Dr. Candace Steele Flippin is a research fellow at Case Western Reserve University. She researches the multigenerational workplace and enhancing the leadership development of women. In addition, Dr. Steele Flippin is also the author of both Generation Z in the Workplace and Millennials in the Workplace.
“Values are principles or standards of behavior that we hold to be important. Generational values are shaped by the events that took place during when and where we were growing up. That is why Baby Boomers and Millennials often value different things in life and at work.”

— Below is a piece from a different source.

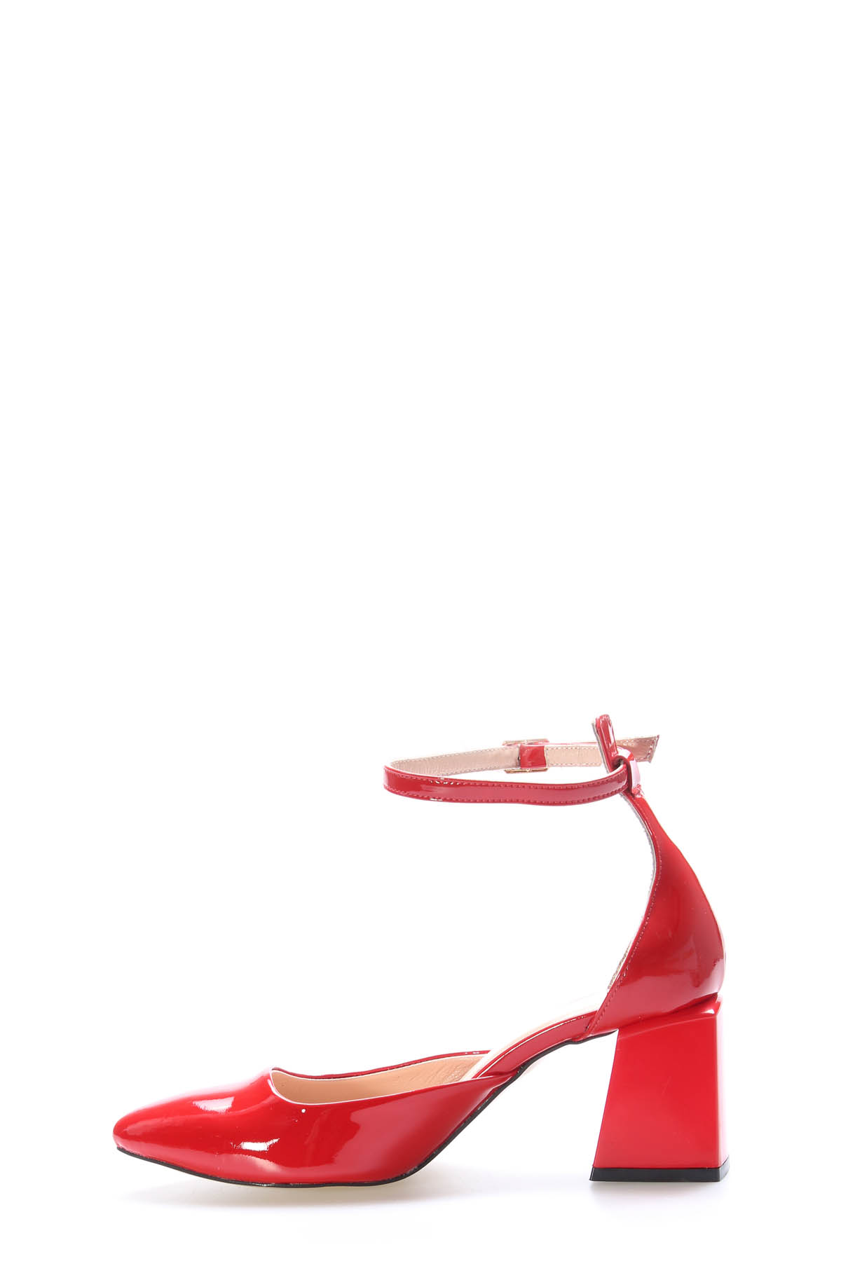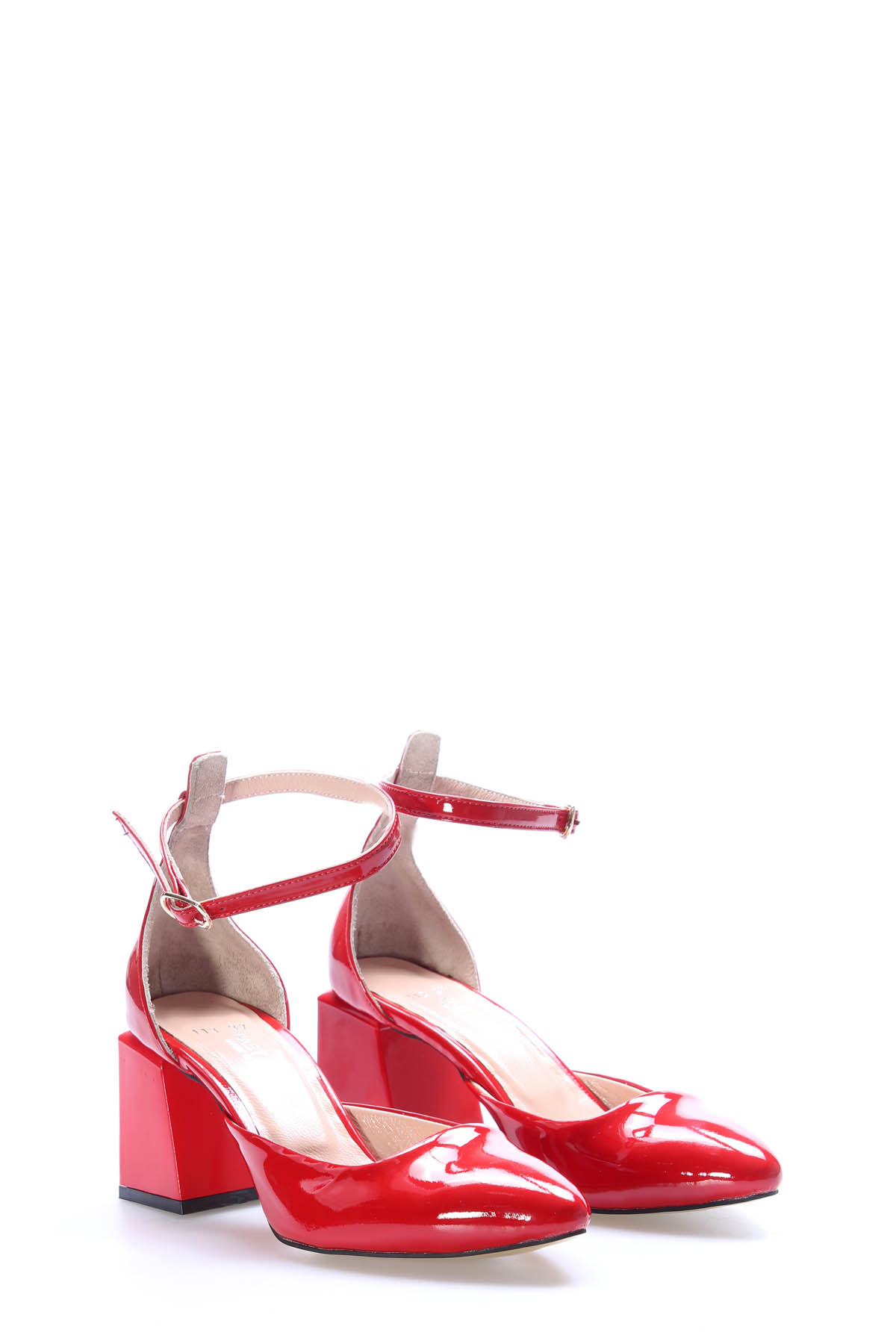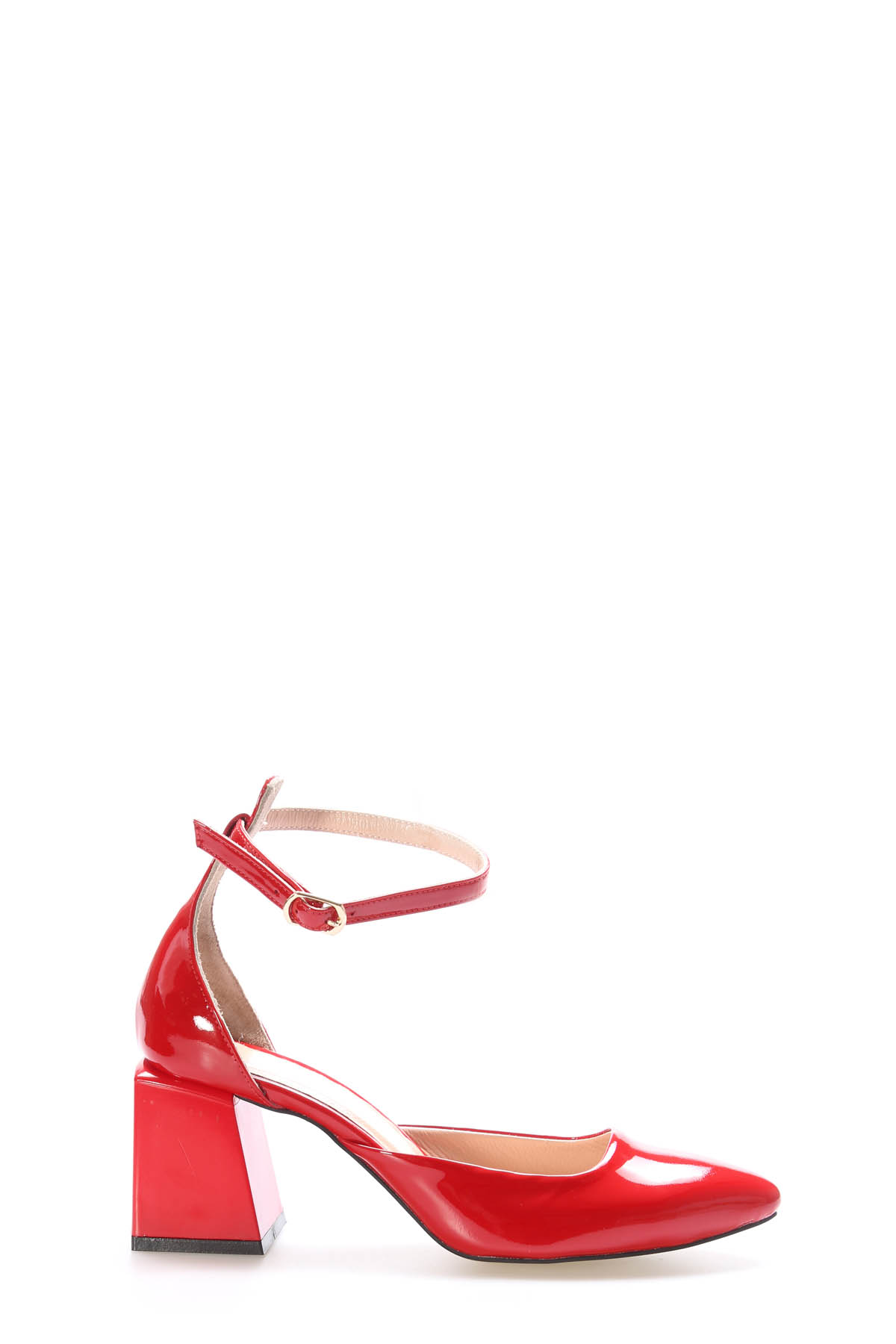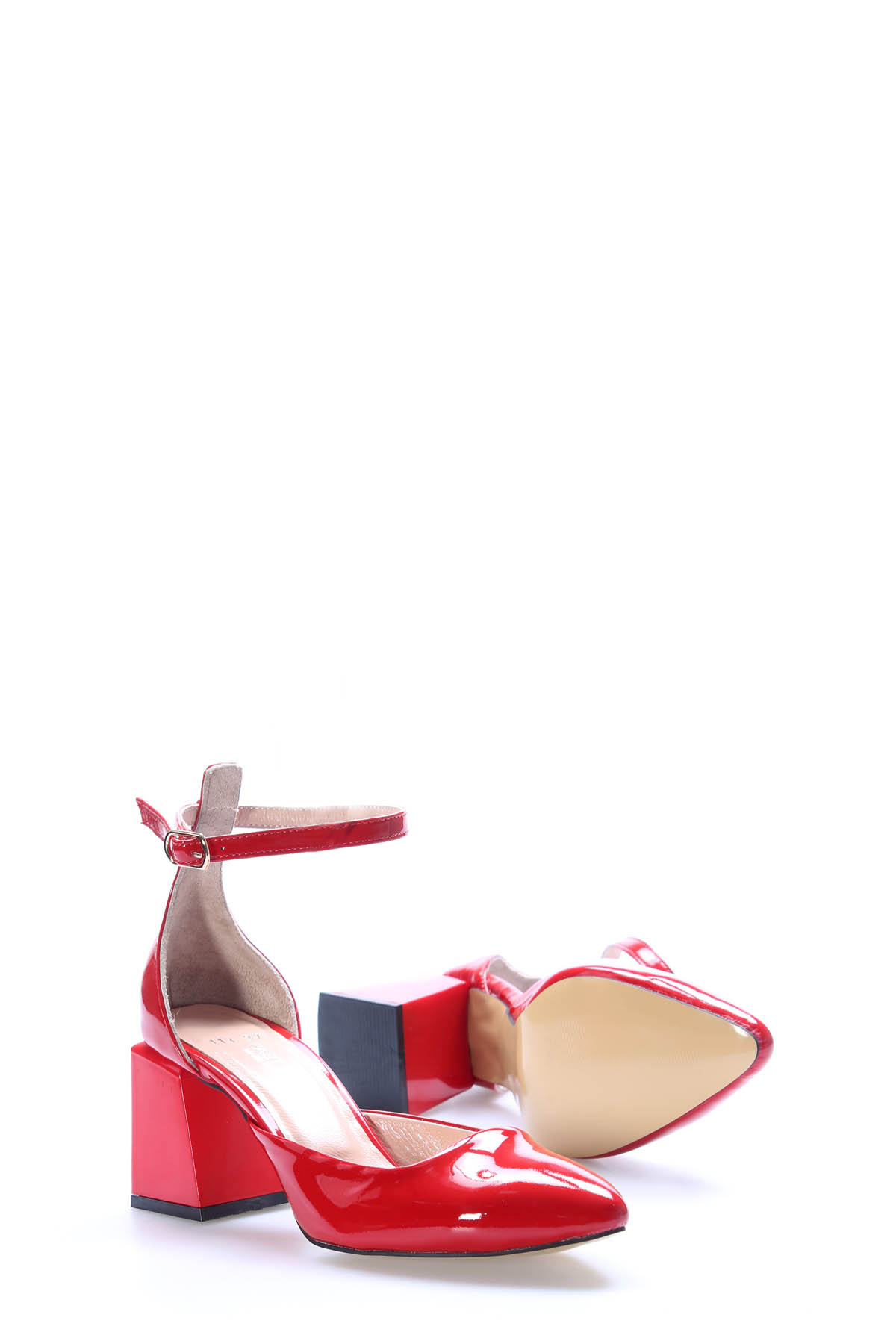 Topuklu Ayakkabı MirgeShoes Kırmızı Kadın Kalın Topuklu Ayakkabı İçi Dışı Hakiki Rugan Deri MRG01194261330

Millennials in the Workplace
For Millennials in the Workplace, Dr. Steele Flippin used an independent research organization. To interview employed college students and graduates. The sample was comprised of a broad range of job roles/levels from assistant to CEO and included participants from the nonprofit, for-profit, government, and academic sectors.
It’s important to realize that, in her findings, Dr. Steele Flippin discovered some similarities between female Baby Boomers and Millennial professionals.
For example, both generations ranked the following
- Doing well in their current role.
- Making more money.
- Work-life balance.
Millennial women expect their supervisors to provide feedback and advice on their performance. This is to ensure that they are recognized for their accomplishments.
In addition, Dr. Steele Flippin believes generational values matter in the workplace. Because they frame how professionals show up for and what they expect when they come to work.
Dr. Steele also believes the uncertainty of societal events made Baby Boomer professionals embrace stability. In turn being loyal to the same organization.
In contrast, many Millennial female professionals can’t seem to embrace the stability a workplace can provide.
Lastly, as a youth, violence entered Millennial safe spaces such as schools and social settings like malls and movie theaters. And still, the generational values of these working women are again being questioned. Hence, this is due to student debt, gender wage gaps, under-employment, the Great Recession. And the amplification of underlying voices and opinions through social media.